Keeping on track
By Patricia Baer
I watched “Prozac Nation” the other day, and it reminded me of one of my favorite lines. Christina Ricci’s character describes her mental deterioration happening “gradually and then suddenly.” I feel this is how I lose control of my project tasks when I find myself overcommitted or overwhelmed by something I have taken on, but as soon as I sit down and brainstorm a to-do list for myself the panic fades a little.
I need my hand-scribbled notes of tasks to keep me focused. It is a security blanket. By putting it all down on paper, everything seems more manageable, and I can see it there inked to a scrap of paper instead of working under of the added pressure of trying to contain it all in my head.
Or at least, it is manageable until it is not. In the past I would write down everything, down to “create next week’s to-do list,” that I could possibly need to complete ever. Sometimes I would even color code it in a calendar.

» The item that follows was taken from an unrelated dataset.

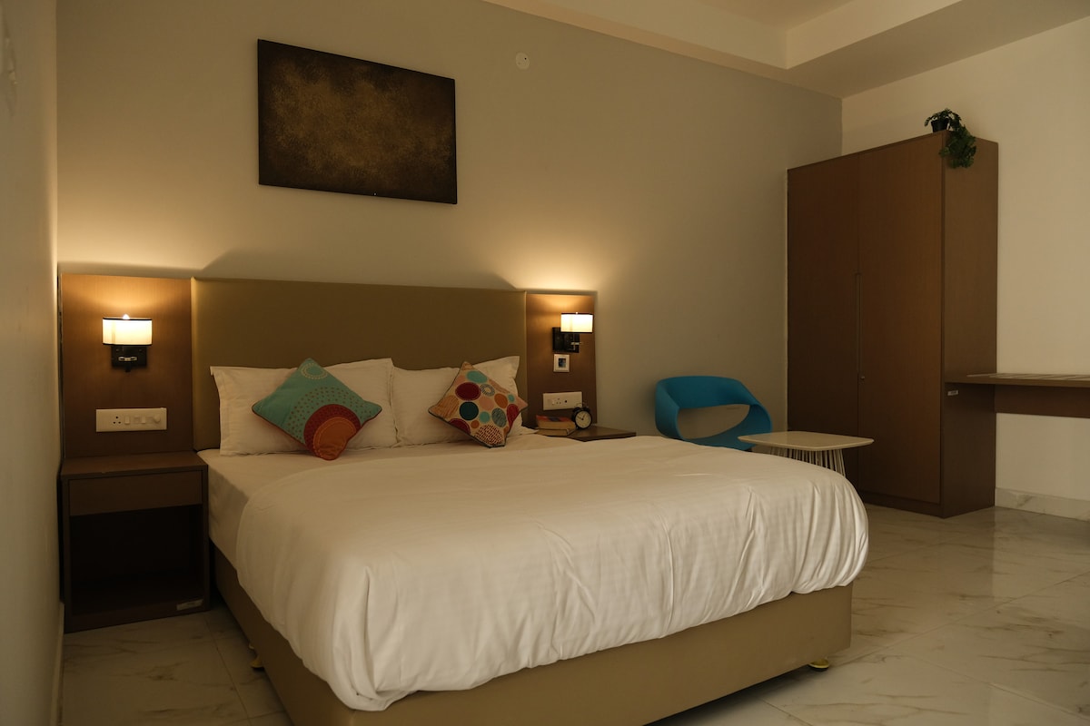 Experience luxury and comfort in our Executive Suite in Hyderabad, perfect for business travelers or couples seeking a premium stay. This elegantly furnished suite features a spacious bedroom, modern ensuite bathroom, high-speed Wi-Fi, air conditioning, and a dedicated work desk. Located in a prime area with easy access to IT hubs, shopping centers, and restaurants, it offers both convenience and class.

I would generate lengthy assignments for myself that were impossible to accomplish, and then I would chastise myself when I could not cross off every item from the list. It finally got to the point where I had to prove to myself it was an insane challenge by allotting estimated time amounts to each task, and that is when I realized one night’s work would have me to-doing away until 3 a.m.
The madness had to stop. I decided to go cold turkey from my lists. I would become a free spirit in a world of those shackled to their overbooked schedules. I would take care of what needed to be done in the order it popped into my head, and if that never happened, well, it must not have been too urgent anyway.

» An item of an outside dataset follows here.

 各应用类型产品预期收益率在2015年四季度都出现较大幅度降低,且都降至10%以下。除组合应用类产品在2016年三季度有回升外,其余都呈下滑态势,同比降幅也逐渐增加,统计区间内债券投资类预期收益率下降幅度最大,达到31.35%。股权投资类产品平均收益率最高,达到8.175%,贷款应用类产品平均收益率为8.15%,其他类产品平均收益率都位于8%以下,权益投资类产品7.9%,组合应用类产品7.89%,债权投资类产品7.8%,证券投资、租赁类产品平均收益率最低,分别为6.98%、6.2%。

This was a terrible plan. At first, it felt like a vacation. I could relax at the end of a busy work day without feeling the pressure of that pesky list waiting for me at home, but as days passed I realized without that list I became a real slug.
Sure, things popped into my head, but they were thoughts like, “Check email,” “Watch TV,” or, “Surf internet for invention of Silly Putty.” By the end of the week, my dirty dishes had captured every inch of my counter space, I was receiving nagging text messages from my cell phone service about my soon-to-be past due bill, and my couch was developing a permanent indentation in the cushions.
Lesson learned. As with much in life, everything needs to be done in moderation. My to-do lists are a necessary evil that I cannot “do” without.